Entries taken from a collection
────────────────

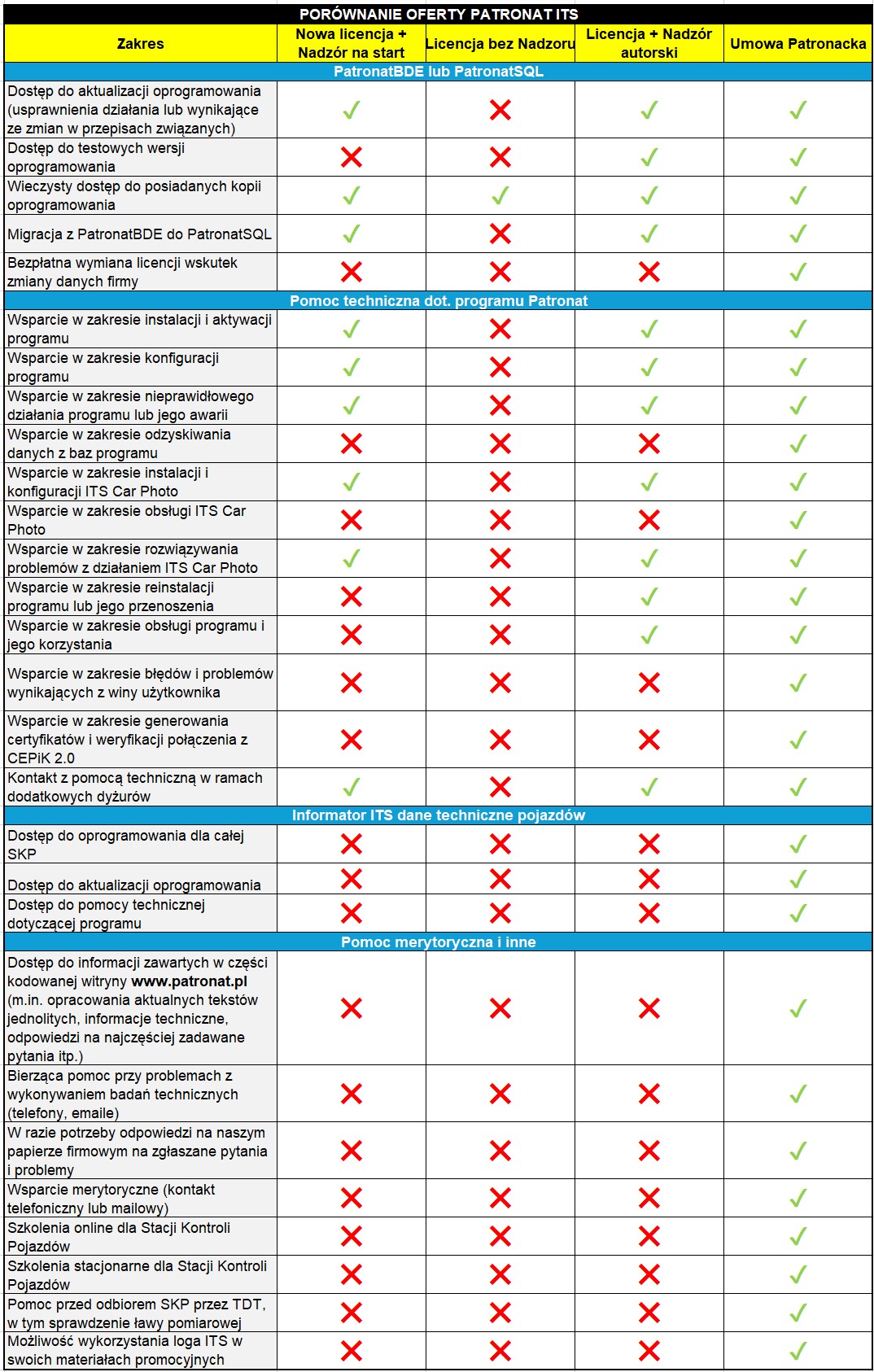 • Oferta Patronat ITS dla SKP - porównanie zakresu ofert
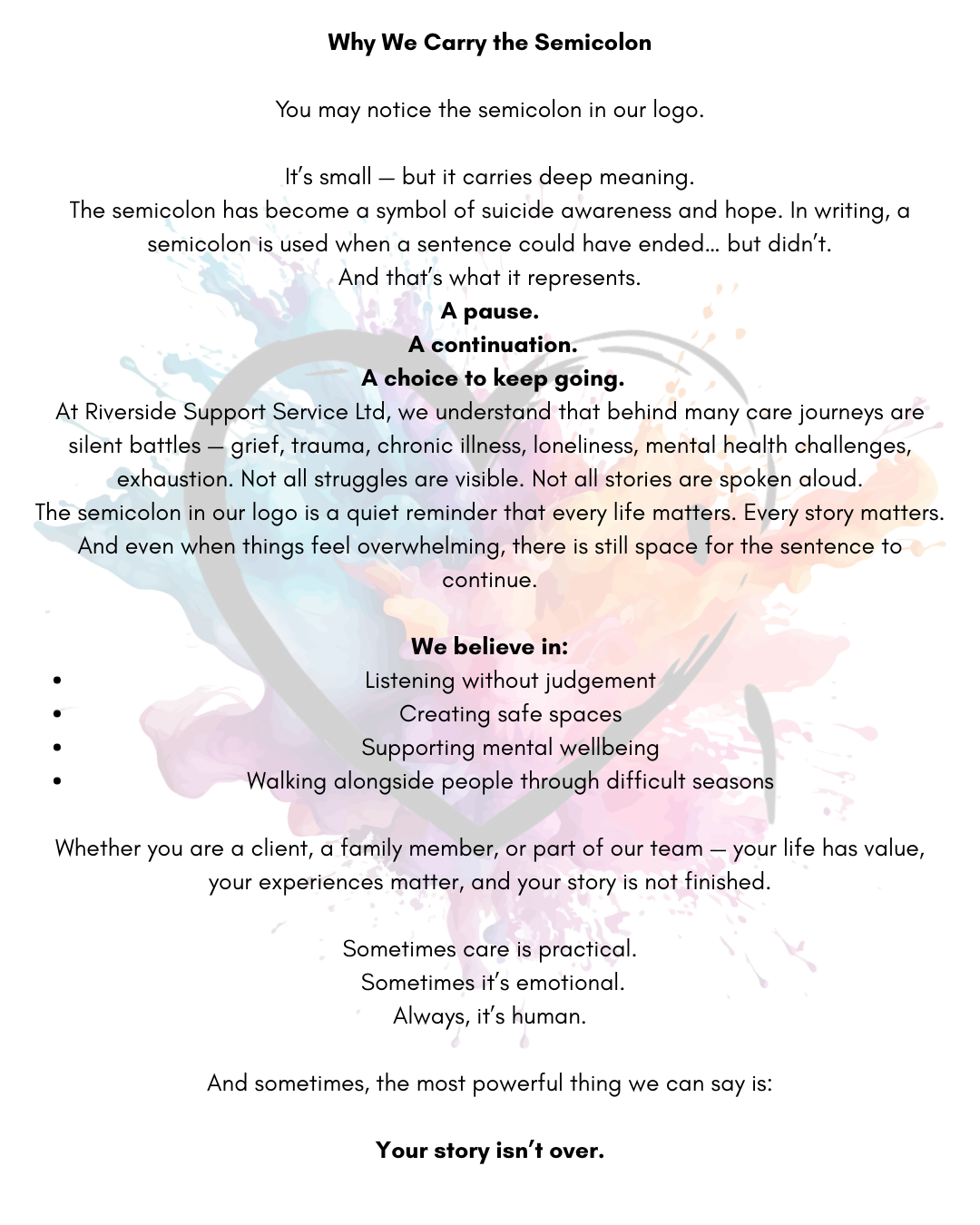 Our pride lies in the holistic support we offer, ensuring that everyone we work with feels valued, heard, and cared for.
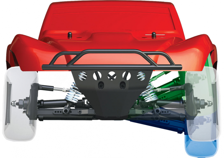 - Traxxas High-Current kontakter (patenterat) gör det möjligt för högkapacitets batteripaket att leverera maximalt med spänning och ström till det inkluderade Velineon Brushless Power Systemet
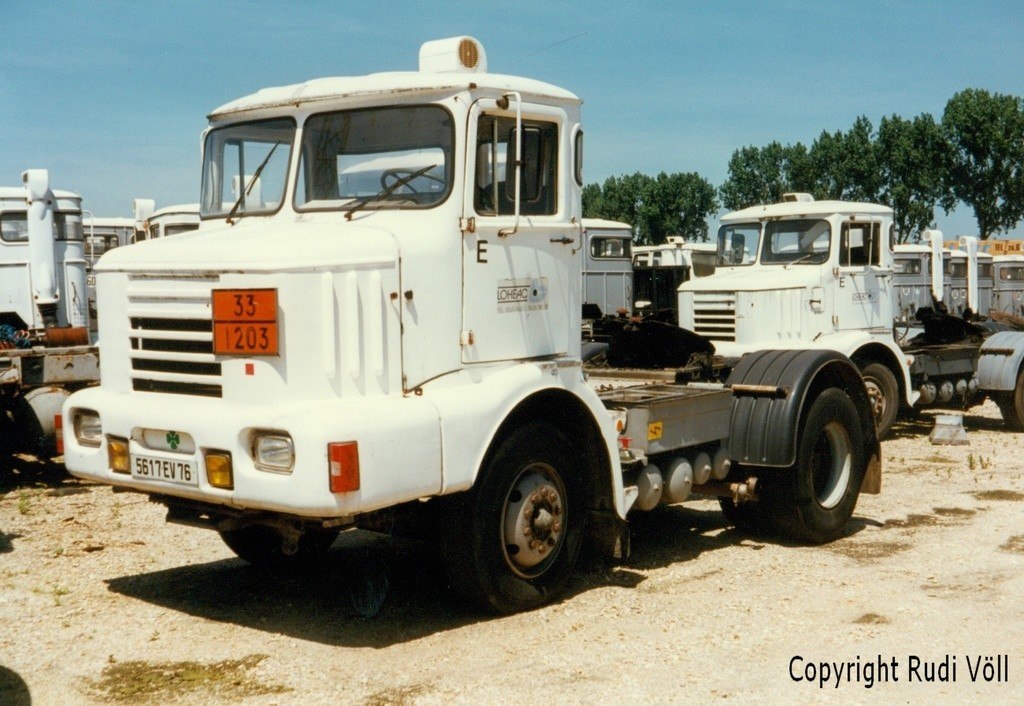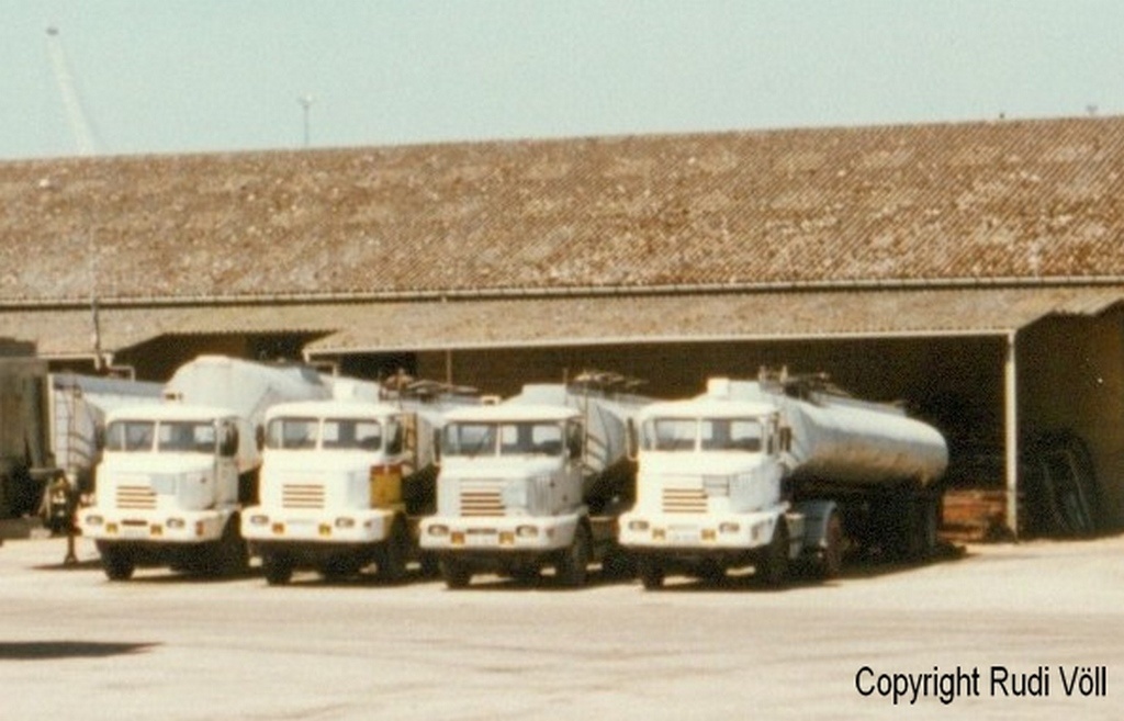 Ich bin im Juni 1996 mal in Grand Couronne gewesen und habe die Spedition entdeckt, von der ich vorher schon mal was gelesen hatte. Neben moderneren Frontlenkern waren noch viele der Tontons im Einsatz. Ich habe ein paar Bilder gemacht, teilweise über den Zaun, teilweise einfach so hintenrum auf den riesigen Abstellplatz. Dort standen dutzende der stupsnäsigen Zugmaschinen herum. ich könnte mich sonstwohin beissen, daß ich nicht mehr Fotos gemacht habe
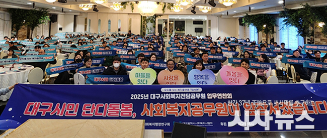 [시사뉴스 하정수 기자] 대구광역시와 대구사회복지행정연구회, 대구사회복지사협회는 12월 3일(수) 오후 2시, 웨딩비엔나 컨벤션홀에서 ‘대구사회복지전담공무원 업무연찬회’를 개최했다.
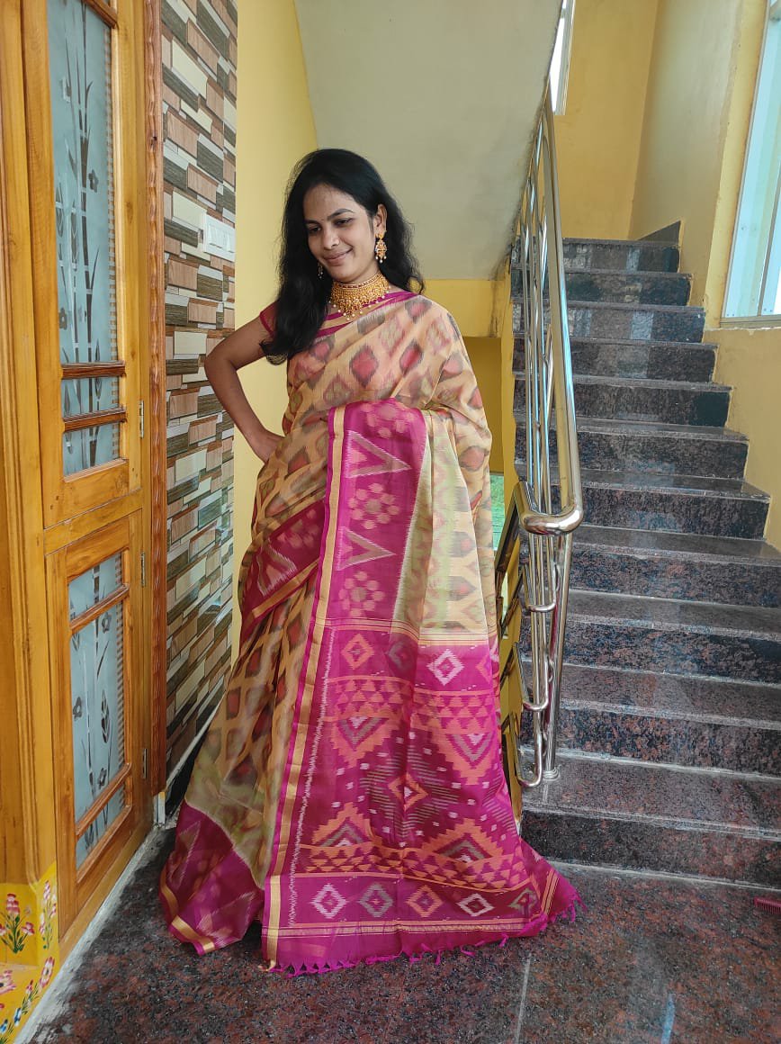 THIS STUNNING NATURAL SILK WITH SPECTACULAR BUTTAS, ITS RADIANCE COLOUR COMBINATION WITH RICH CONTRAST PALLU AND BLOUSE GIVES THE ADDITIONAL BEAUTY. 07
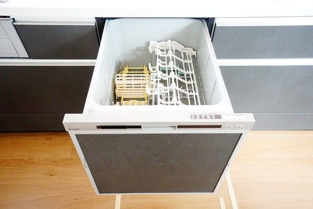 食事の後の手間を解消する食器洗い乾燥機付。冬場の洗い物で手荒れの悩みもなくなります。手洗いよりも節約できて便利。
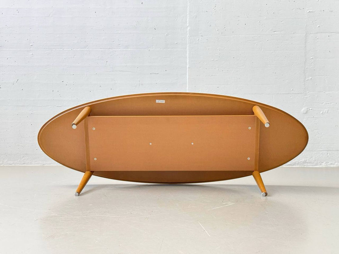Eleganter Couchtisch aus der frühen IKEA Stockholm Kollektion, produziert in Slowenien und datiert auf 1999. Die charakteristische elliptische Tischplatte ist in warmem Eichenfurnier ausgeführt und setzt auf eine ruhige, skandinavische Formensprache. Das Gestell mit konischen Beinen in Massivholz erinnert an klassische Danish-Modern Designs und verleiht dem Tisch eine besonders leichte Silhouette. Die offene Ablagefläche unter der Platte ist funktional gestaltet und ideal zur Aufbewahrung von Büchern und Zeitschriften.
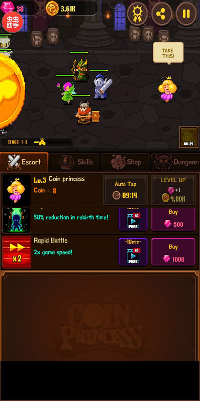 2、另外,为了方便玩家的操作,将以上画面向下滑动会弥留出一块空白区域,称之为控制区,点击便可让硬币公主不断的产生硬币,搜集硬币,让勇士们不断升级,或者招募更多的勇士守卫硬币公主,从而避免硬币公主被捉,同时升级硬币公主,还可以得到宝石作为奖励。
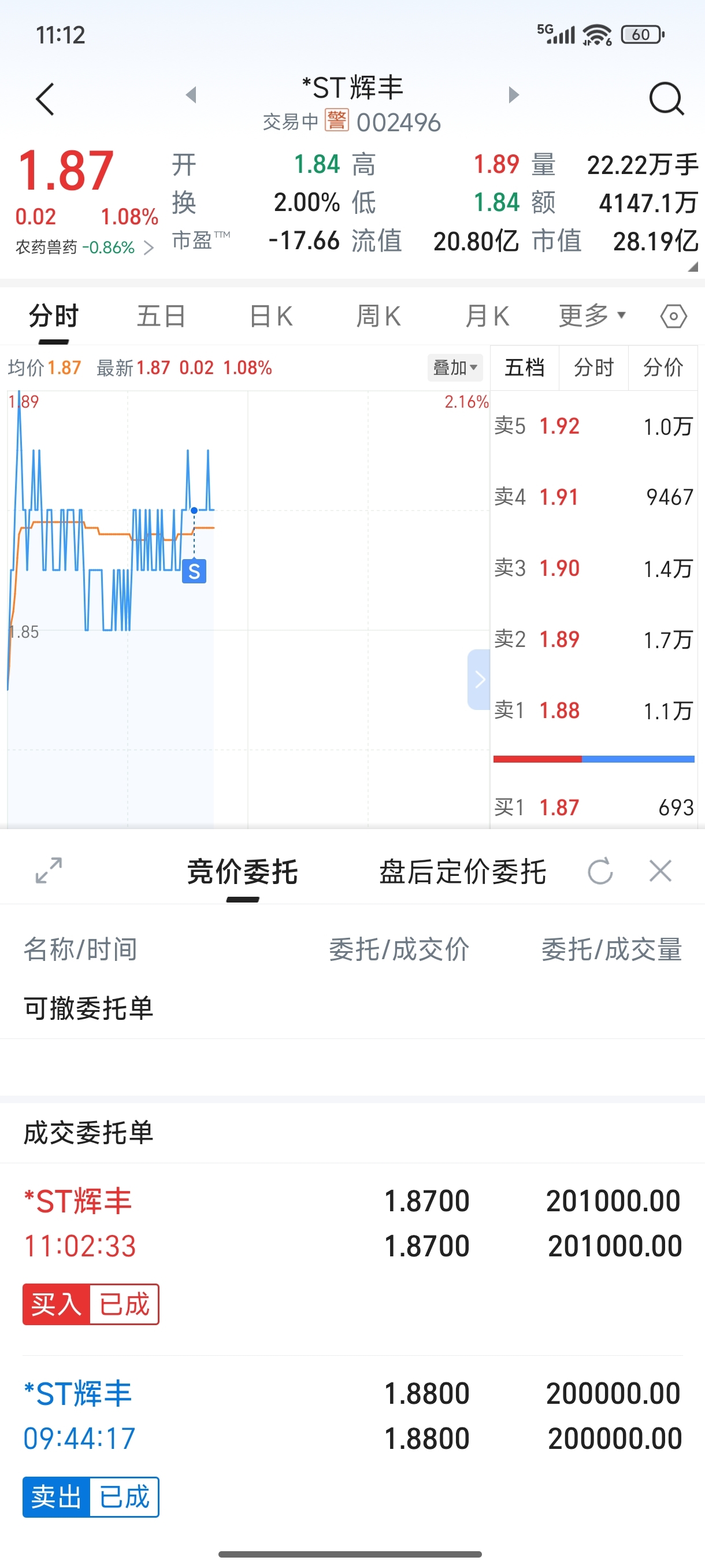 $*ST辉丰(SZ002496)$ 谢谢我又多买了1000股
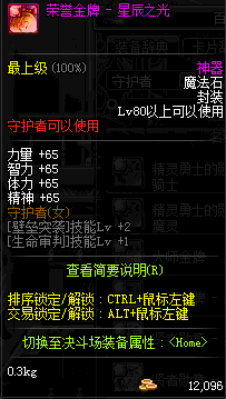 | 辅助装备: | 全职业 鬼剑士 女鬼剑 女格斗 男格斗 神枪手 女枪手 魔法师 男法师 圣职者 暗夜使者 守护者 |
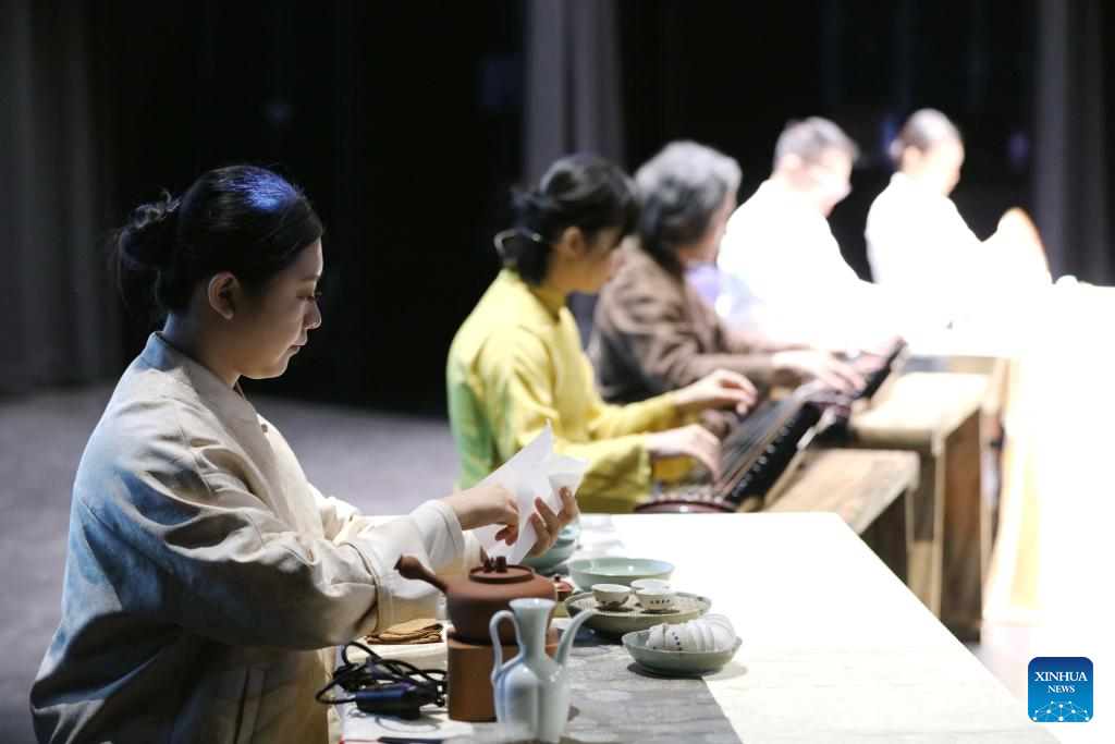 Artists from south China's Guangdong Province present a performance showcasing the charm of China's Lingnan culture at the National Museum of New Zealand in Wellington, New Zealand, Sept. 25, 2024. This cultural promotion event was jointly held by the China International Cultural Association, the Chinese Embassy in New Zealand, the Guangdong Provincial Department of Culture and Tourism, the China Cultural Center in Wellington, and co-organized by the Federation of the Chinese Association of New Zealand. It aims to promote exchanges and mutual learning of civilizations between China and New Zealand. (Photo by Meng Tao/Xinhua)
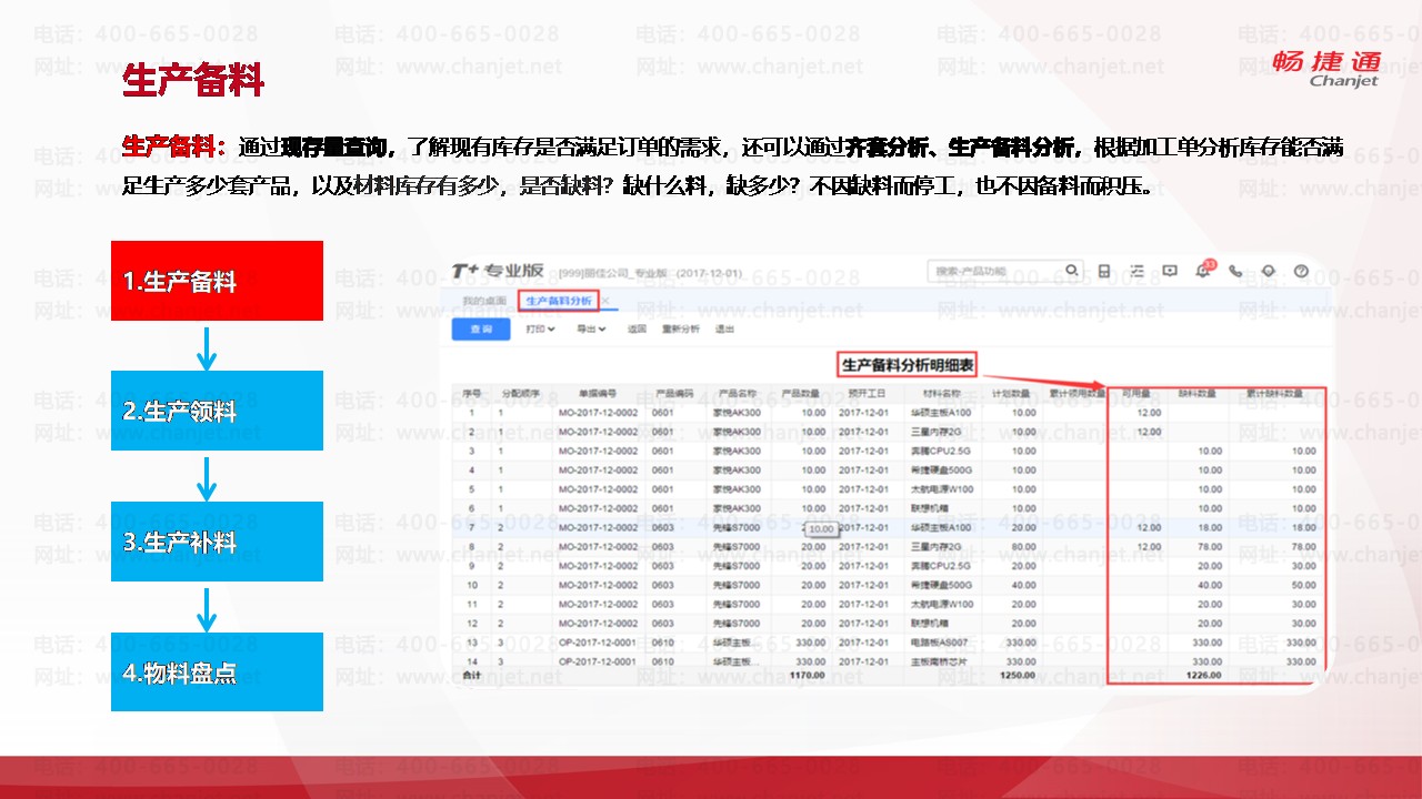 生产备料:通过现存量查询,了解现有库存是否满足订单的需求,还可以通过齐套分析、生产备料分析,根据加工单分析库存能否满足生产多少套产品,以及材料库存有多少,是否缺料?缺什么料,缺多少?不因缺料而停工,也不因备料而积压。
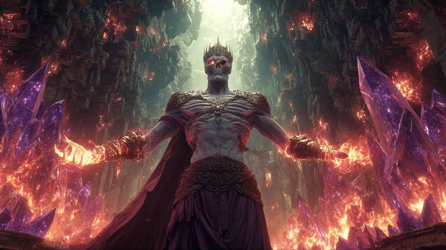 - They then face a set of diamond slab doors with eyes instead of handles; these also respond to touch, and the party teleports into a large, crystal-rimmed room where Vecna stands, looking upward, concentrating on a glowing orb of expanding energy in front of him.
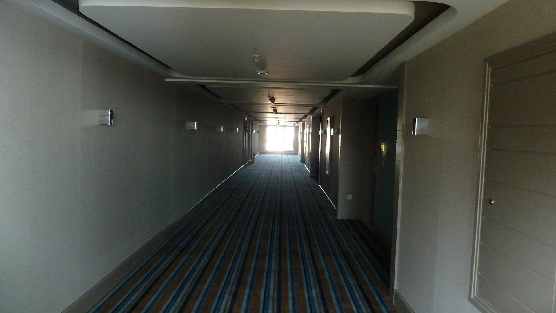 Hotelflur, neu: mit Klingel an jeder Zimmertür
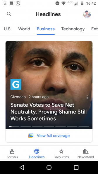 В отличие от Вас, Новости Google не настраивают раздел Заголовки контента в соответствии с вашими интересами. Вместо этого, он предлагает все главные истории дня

────────────────

▶ WHAT THIS TASK INVOLVES
Starting at the line above with "THIS STUNNING NATURAL", output every line exactly up to and including the line with "Eleganter Couchtisch aus", but none of the pictures.

▶ EXERCISE RESULT
 THIS STUNNING NATURAL SILK WITH SPECTACULAR BUTTAS, ITS RADIANCE COLOUR COMBINATION WITH RICH CONTRAST PALLU AND BLOUSE GIVES THE ADDITIONAL BEAUTY. 07
 食事の後の手間を解消する食器洗い乾燥機付。冬場の洗い物で手荒れの悩みもなくなります。手洗いよりも節約できて便利。
Eleganter Couchtisch aus der frühen IKEA Stockholm Kollektion, produziert in Slowenien und datiert auf 1999. Die charakteristische elliptische Tischplatte ist in warmem Eichenfurnier ausgeführt und setzt auf eine ruhige, skandinavische Formensprache. Das Gestell mit konischen Beinen in Massivholz erinnert an klassische Danish-Modern Designs und verleiht dem Tisch eine besonders leichte Silhouette. Die offene Ablagefläche unter der Platte ist funktional gestaltet und ideal zur Aufbewahrung von Büchern und Zeitschriften.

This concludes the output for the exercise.